Customer retention is one of the boldest challenges for energy retailers. The sector deregulation and increasingly high competition in the retail side, sparked the development of customer analytics.

In view of this market driver, Wiimer has built an highly accurate machine learning model, based on energy retail BigData. Our data scientists have managed to select and normalize meaningful variables to boast the model accuracy.


Fig. 1: Illustrative Customer Churn Rate (left) and Churn Rate per Region (right)


The variables set should describe the customer "personas", including demographic attributes (age, education, income, family), commercial variables (retailer replacement, complaints, multi-utility supply, payment mode, debts, contract duration, house ownership) and technical features (demand, peak load, tariff scheme).

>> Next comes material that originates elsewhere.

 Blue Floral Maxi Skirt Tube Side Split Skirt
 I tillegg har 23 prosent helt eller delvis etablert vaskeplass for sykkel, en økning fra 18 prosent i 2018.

Fig. 2: Churn Rate per Age (left) and the effect of the number of retailer replacements on customer churn (right)


Amidst the development of the learning algorithm, one identified the most determining variables for the current illustrative retailer. Besides the complaints level (traditionally critical), the mode of payment is one of the most decisive factors in what pertains to client churn. Indeed, customers with direct debit tend to be rather loyal to the retailer. Still the frequency of retailer replacement becomes a good learner with the increase of supplier changes.


Fig. 3: Churn Rate per complaint level (left) and Churn Rate per payment mode (right)


Finally, the dataset was computed with different learning algorithms. Boosting ensemble models turned to lead to the highest performance metrics, especially AdaBoost which reached more than 90% of accuracy.


Fig. 4: Algorithm confusion matrix (left) and ROC curce (right)


Wiimer's decision-aid approach goes beyond the traditional predictive churn models. Besides analyzing endogenous historical data (from the retailer's customers), one has developed a "game theory" methodology to integrate the competitors attributes in the market. Following this method, each churn classification is subject to an additional score based on the combination of the "Best-in-class" per attribute. The retailers "Best-in-class" rate is provided by the Net Promoter Score (NPS), that should be periodically measured.


Fig. 5: NPS for Service Quality (left) and Price (right) of the retailers A, B and C


The risk model is finally built by combining the predictive Churn Index (blending the learning algorithm with game theory) with the customer Criticality. In this case, Criticality was assumed to be a purely financial index, i.e. the annual revenues generated from each customer.


Fig. 6: Risk model for Energy Customer Churn